What is required
Copy the lines from the start of the records below through the line containing "Pole-top adjustable in", both included, and leave out the pictures.

Stored data entries
* * * * * * *
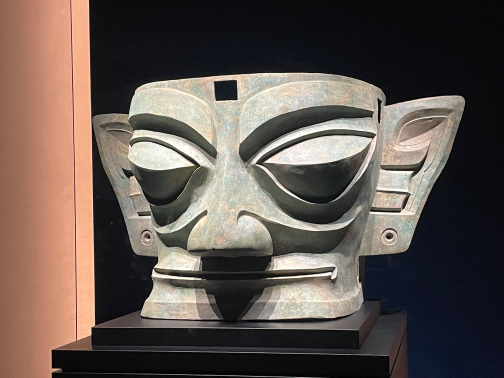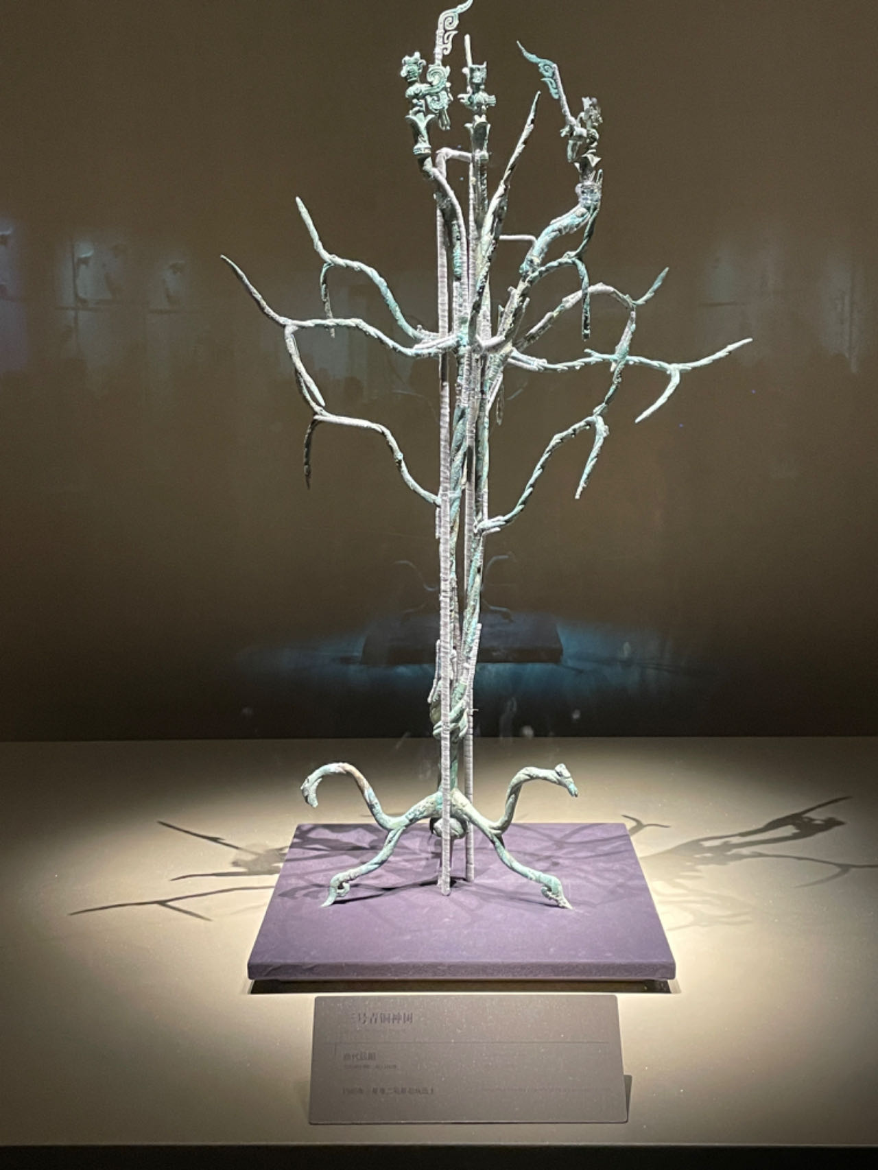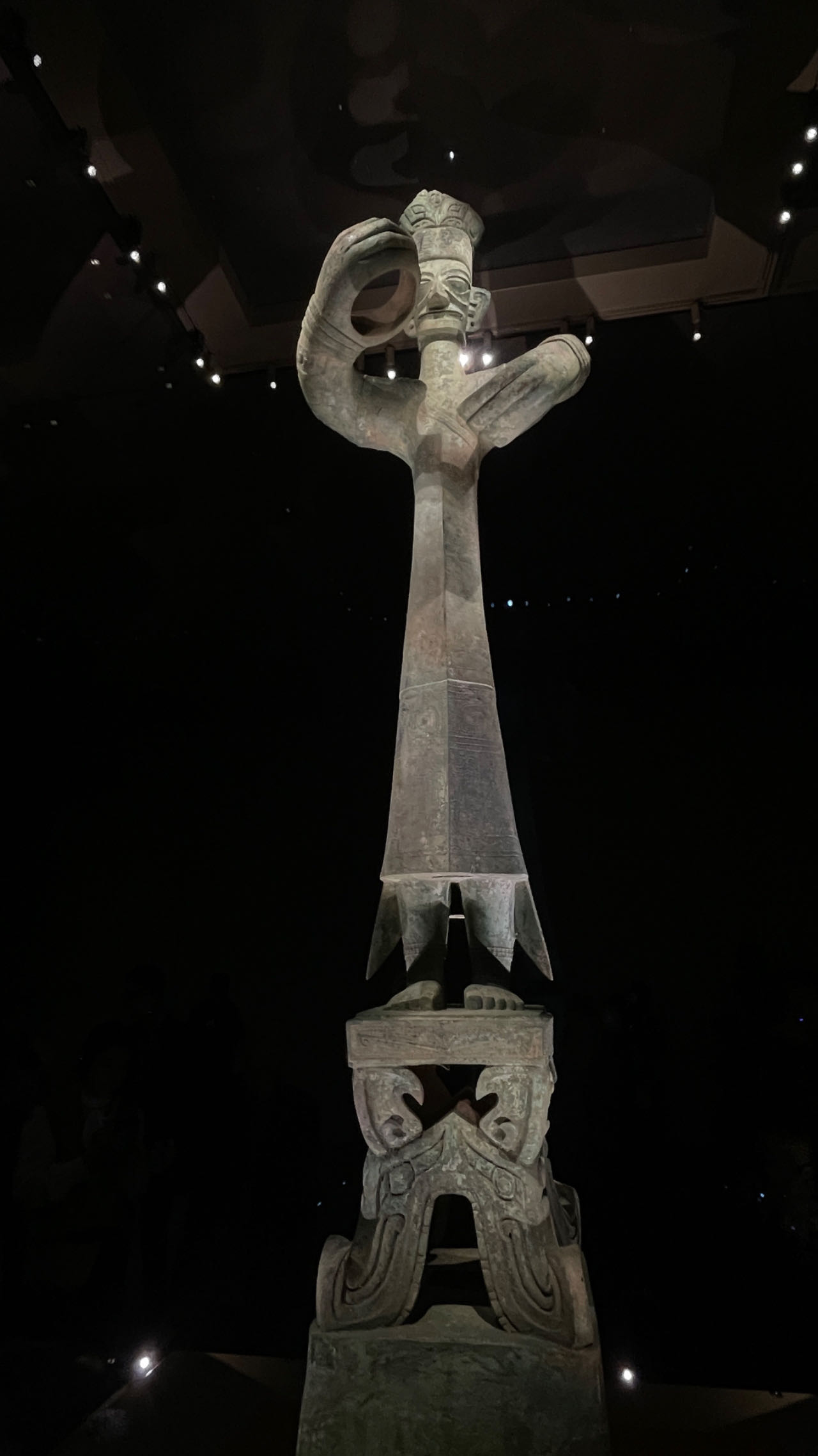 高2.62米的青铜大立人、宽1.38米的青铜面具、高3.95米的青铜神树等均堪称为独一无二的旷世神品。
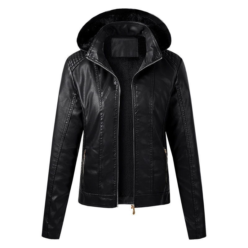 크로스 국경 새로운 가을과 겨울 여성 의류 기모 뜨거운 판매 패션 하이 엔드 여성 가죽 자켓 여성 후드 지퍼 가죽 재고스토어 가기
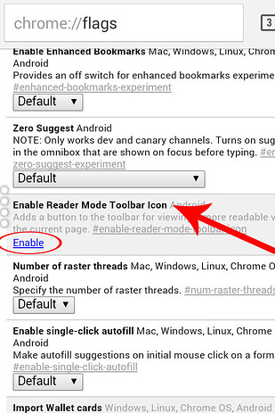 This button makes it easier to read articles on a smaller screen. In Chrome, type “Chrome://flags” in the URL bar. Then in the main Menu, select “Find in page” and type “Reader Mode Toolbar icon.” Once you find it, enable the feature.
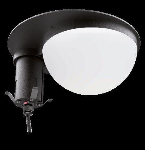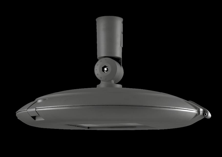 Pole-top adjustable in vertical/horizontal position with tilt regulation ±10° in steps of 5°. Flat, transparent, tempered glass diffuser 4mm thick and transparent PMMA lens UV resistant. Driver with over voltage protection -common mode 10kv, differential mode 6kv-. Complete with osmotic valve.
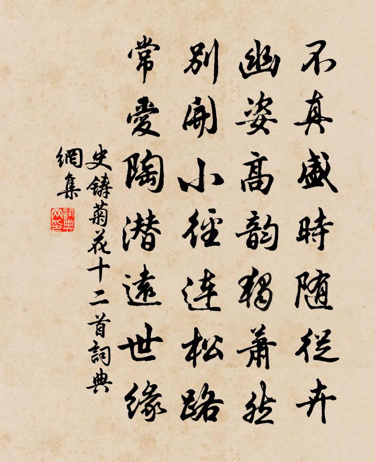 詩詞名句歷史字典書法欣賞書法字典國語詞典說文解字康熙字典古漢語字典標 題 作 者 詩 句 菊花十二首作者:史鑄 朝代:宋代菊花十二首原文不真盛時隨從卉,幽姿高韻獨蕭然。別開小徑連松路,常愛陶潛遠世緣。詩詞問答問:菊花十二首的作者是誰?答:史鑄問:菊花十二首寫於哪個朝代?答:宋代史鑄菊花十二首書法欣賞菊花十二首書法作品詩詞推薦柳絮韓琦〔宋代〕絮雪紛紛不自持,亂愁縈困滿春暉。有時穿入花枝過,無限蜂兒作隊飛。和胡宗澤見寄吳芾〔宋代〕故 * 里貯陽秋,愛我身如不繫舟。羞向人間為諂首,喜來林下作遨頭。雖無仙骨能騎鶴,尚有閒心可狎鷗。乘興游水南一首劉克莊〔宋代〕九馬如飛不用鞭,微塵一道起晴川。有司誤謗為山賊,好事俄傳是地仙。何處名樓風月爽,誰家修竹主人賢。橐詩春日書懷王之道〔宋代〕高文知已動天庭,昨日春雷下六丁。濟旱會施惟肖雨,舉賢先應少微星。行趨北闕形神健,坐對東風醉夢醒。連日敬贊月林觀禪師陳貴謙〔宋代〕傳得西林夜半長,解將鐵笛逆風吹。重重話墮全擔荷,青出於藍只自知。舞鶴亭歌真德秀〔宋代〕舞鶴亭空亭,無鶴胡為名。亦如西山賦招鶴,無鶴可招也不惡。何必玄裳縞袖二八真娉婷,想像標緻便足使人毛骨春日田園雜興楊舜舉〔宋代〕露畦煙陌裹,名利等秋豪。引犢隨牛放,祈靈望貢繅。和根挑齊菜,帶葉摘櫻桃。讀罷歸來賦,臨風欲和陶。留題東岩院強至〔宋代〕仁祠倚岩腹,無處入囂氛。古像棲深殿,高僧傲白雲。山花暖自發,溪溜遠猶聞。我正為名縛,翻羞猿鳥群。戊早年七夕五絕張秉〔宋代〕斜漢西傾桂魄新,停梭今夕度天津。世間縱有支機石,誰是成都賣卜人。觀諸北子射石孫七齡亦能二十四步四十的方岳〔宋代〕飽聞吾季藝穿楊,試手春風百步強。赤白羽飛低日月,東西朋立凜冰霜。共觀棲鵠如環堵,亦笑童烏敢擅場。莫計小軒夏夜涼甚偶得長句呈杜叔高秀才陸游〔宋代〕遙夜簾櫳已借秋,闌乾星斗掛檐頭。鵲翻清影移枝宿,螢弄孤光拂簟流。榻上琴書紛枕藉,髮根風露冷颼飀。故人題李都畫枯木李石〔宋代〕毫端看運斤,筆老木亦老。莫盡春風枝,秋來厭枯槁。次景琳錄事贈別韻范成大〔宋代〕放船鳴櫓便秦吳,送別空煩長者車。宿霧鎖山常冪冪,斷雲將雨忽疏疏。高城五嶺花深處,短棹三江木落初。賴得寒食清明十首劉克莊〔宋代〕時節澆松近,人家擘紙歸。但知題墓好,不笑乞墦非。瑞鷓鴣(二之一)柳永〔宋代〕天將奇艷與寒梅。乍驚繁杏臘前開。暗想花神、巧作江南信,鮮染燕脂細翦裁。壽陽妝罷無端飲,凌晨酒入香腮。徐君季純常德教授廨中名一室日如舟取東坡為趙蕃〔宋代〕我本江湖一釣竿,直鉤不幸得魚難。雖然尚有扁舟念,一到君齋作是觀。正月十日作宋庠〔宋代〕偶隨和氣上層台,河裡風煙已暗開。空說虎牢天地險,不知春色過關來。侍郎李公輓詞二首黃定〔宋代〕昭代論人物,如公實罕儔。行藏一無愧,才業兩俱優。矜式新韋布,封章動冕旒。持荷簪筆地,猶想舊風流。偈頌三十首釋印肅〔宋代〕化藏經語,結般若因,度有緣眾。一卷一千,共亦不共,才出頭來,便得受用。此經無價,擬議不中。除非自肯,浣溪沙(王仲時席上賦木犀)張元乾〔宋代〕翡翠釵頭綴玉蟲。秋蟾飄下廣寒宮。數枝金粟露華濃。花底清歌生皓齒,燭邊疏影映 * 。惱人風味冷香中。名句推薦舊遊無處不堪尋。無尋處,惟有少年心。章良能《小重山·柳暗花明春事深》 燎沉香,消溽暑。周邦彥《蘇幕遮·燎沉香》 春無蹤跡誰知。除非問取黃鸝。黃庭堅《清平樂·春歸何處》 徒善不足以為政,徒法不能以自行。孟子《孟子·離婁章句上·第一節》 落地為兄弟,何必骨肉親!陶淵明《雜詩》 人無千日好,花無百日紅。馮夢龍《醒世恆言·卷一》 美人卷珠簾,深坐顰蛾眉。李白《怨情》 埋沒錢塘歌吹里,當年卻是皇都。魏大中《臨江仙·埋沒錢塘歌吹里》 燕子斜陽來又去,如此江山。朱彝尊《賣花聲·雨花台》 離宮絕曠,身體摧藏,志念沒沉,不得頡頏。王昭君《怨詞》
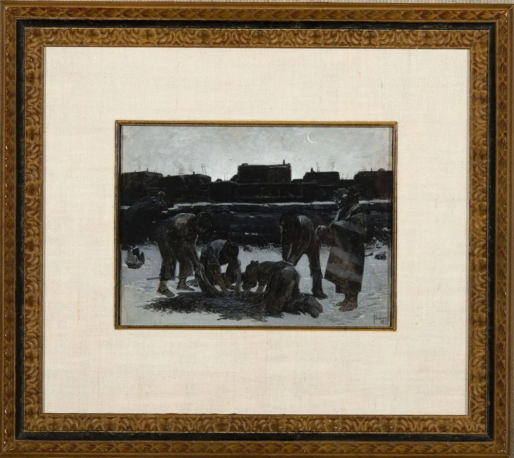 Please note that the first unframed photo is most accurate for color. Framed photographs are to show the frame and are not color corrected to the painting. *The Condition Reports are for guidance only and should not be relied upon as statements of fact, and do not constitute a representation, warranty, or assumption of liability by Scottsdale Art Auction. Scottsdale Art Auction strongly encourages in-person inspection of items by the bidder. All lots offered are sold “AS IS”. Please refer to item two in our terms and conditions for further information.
* * * * * * *
Exercise response
 高2.62米的青铜大立人、宽1.38米的青铜面具、高3.95米的青铜神树等均堪称为独一无二的旷世神品。
 크로스 국경 새로운 가을과 겨울 여성 의류 기모 뜨거운 판매 패션 하이 엔드 여성 가죽 자켓 여성 후드 지퍼 가죽 재고스토어 가기
 This button makes it easier to read articles on a smaller screen. In Chrome, type “Chrome://flags” in the URL bar. Then in the main Menu, select “Find in page” and type “Reader Mode Toolbar icon.” Once you find it, enable the feature.
 Pole-top adjustable in vertical/horizontal position with tilt regulation ±10° in steps of 5°. Flat, transparent, tempered glass diffuser 4mm thick and transparent PMMA lens UV resistant. Driver with over voltage protection -common mode 10kv, differential mode 6kv-. Complete with osmotic valve.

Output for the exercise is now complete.